§ **EXERCISE PROMPT**
Leaving the pictures aside, repeat each line below exactly.

§ **THE DATA**
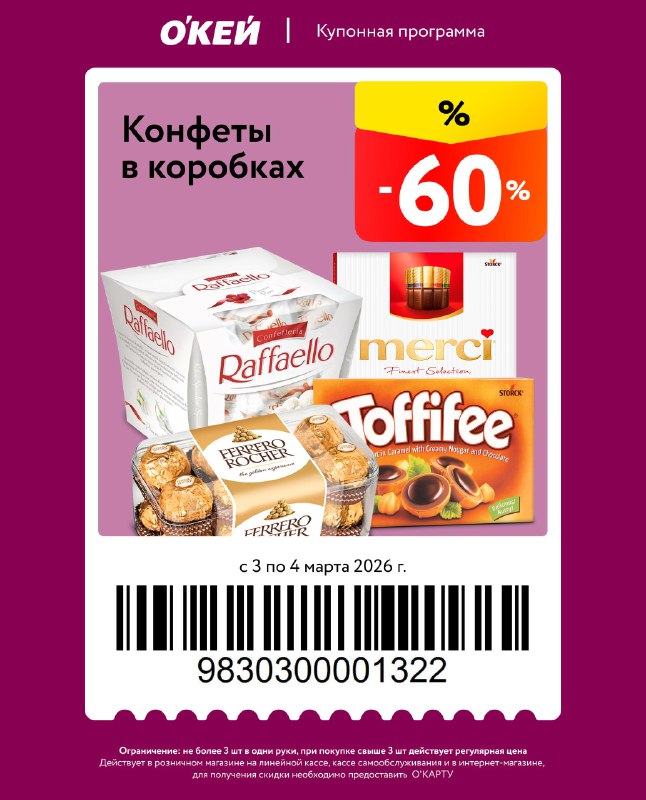 Маленький лайфхак перед 8 Марта: цветы — это хорошо. Цветы + коробка хороших конфет — уже отлично 😌 Сейчас действует купон на –60% на кондитерские изделия в коробках. Самое время выбрать сладкий арг
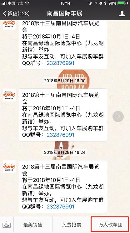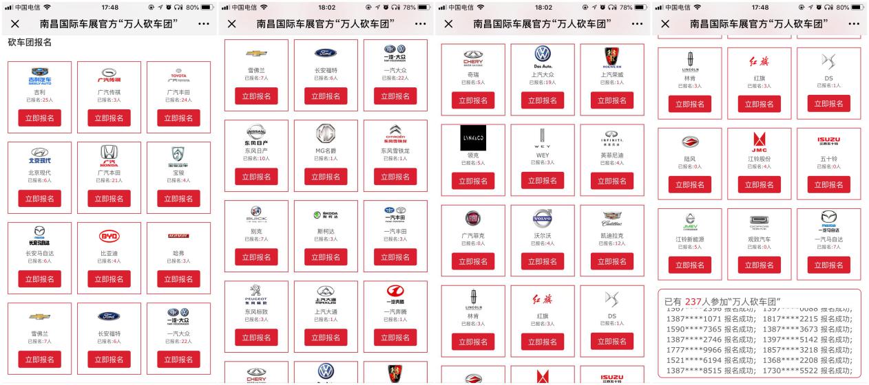 1、即日起至9月30日,通過微信關(guān)注“南昌國際車展”,點(diǎn)擊【萬人砍車團(tuán)】按鈕進(jìn)入專題,選擇喜歡的汽車品牌即可免費(fèi)報名參加“南昌國際車展官方萬人砍車團(tuán)”活動(每人限報一個砍車團(tuán));
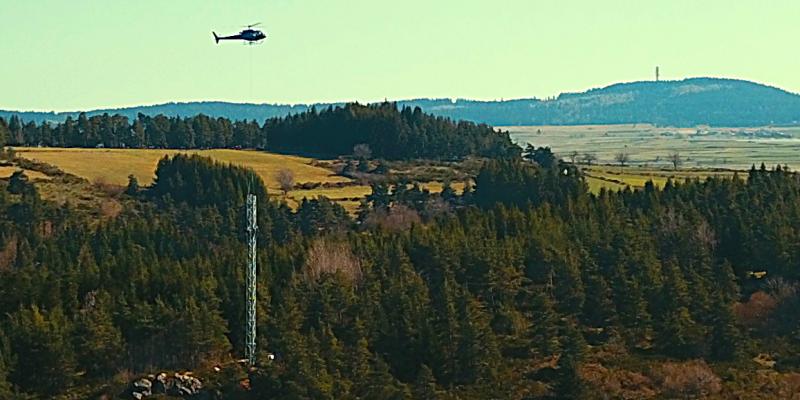 La pose par hélicoptère du pylône de téléphonie mobile d’Alleyras

§ **ANSWER SECTION**
 Маленький лайфхак перед 8 Марта: цветы — это хорошо. Цветы + коробка хороших конфет — уже отлично 😌 Сейчас действует купон на –60% на кондитерские изделия в коробках. Самое время выбрать сладкий арг
 1、即日起至9月30日,通過微信關(guān)注“南昌國際車展”,點(diǎn)擊【萬人砍車團(tuán)】按鈕進(jìn)入專題,選擇喜歡的汽車品牌即可免費(fèi)報名參加“南昌國際車展官方萬人砍車團(tuán)”活動(每人限報一個砍車團(tuán));
 La pose par hélicoptère du pylône de téléphonie mobile d’Alleyras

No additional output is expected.